Required work: Write out, word for word and with no pictures, each line below from the one containing "據廣西壯族自治區質量技術監督" through the one containing "Spark zasłona velvet", both included, and no other line.

Recorded information:
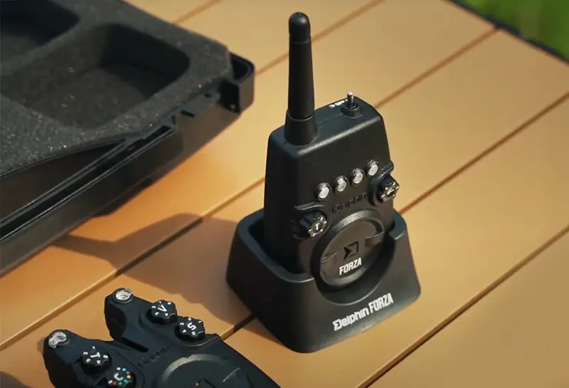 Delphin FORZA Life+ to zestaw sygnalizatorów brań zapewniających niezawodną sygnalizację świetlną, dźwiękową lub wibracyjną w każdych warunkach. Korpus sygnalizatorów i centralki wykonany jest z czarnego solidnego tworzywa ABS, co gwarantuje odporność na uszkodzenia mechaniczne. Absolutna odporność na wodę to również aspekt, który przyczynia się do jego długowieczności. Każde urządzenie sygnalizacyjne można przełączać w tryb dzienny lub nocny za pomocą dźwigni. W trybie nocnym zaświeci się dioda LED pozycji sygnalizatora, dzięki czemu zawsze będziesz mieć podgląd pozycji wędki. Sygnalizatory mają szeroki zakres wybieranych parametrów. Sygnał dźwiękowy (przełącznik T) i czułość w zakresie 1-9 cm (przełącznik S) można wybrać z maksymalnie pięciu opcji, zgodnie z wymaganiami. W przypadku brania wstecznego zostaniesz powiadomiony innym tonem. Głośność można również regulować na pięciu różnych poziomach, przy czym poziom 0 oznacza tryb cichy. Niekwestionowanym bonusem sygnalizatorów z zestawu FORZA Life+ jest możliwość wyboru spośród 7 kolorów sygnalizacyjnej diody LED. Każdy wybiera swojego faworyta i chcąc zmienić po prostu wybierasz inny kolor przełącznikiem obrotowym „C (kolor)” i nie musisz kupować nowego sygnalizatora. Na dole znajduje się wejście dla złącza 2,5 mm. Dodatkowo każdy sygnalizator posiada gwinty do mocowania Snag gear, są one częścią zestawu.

--

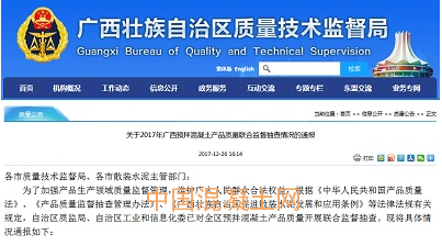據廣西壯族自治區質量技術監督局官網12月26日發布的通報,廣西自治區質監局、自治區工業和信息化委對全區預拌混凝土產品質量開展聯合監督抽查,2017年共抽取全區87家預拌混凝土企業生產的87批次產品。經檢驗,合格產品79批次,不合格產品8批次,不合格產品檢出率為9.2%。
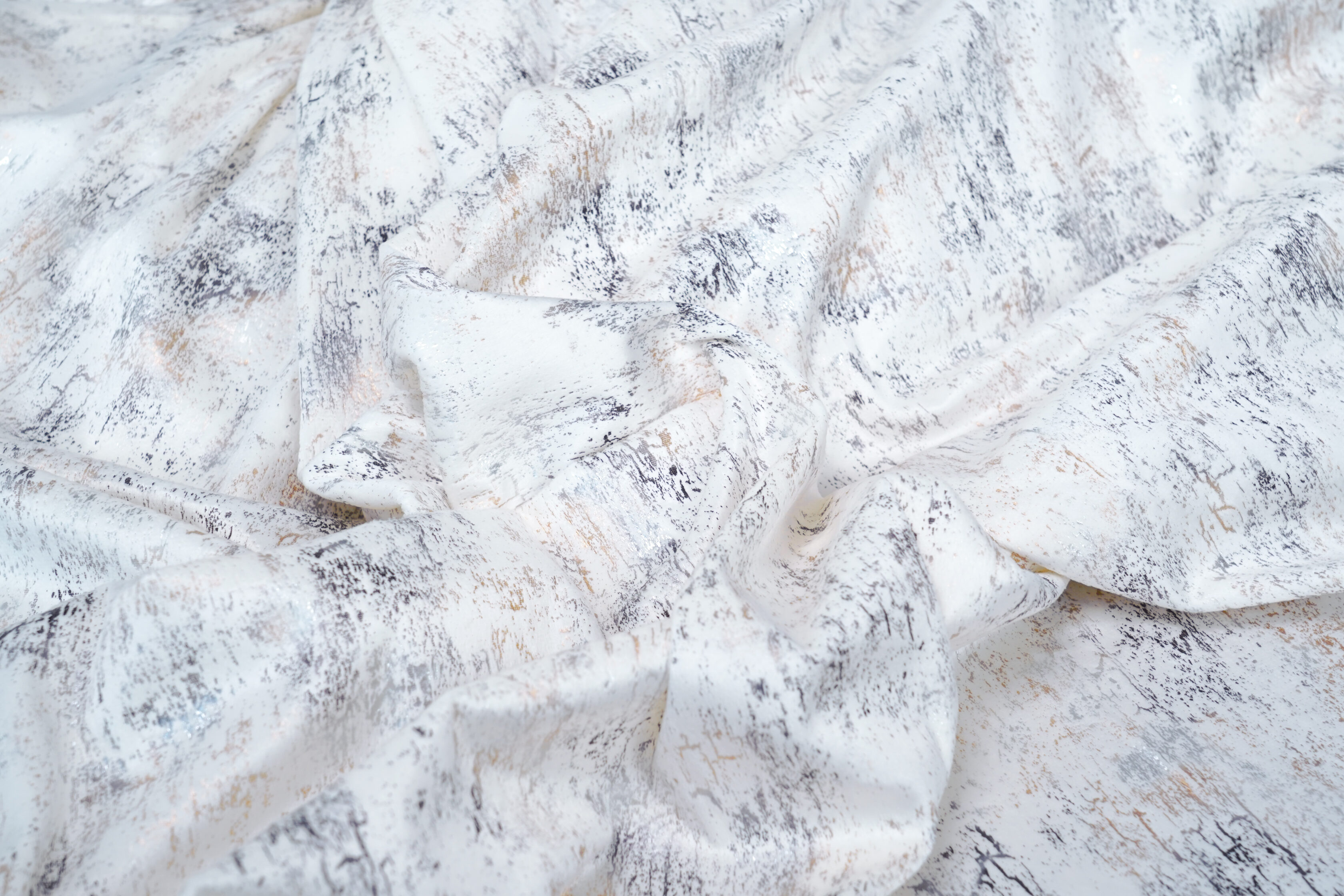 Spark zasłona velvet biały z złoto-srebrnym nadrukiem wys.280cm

--

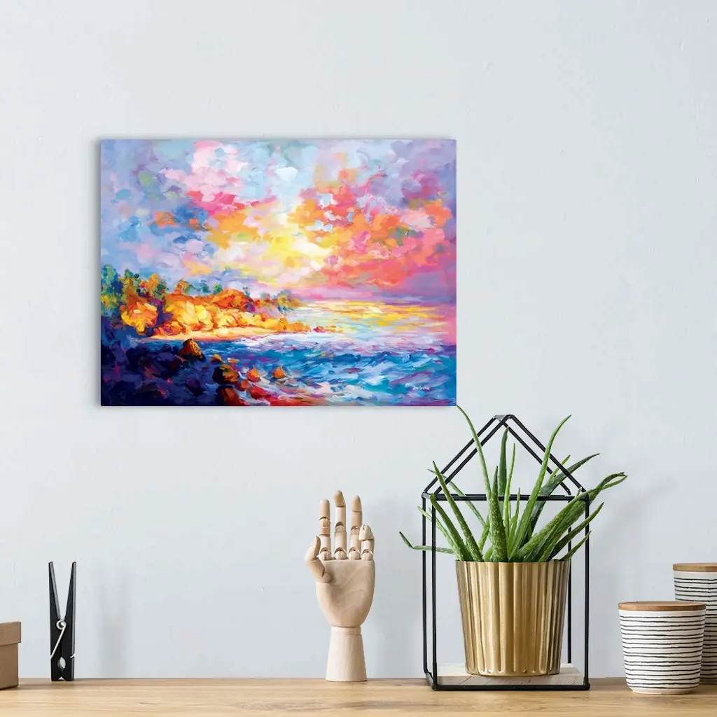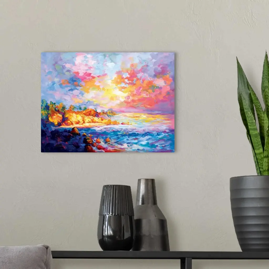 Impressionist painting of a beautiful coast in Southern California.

Answer box:
據廣西壯族自治區質量技術監督局官網12月26日發布的通報,廣西自治區質監局、自治區工業和信息化委對全區預拌混凝土產品質量開展聯合監督抽查,2017年共抽取全區87家預拌混凝土企業生產的87批次產品。經檢驗,合格產品79批次,不合格產品8批次,不合格產品檢出率為9.2%。
 Spark zasłona velvet biały z złoto-srebrnym nadrukiem wys.280cm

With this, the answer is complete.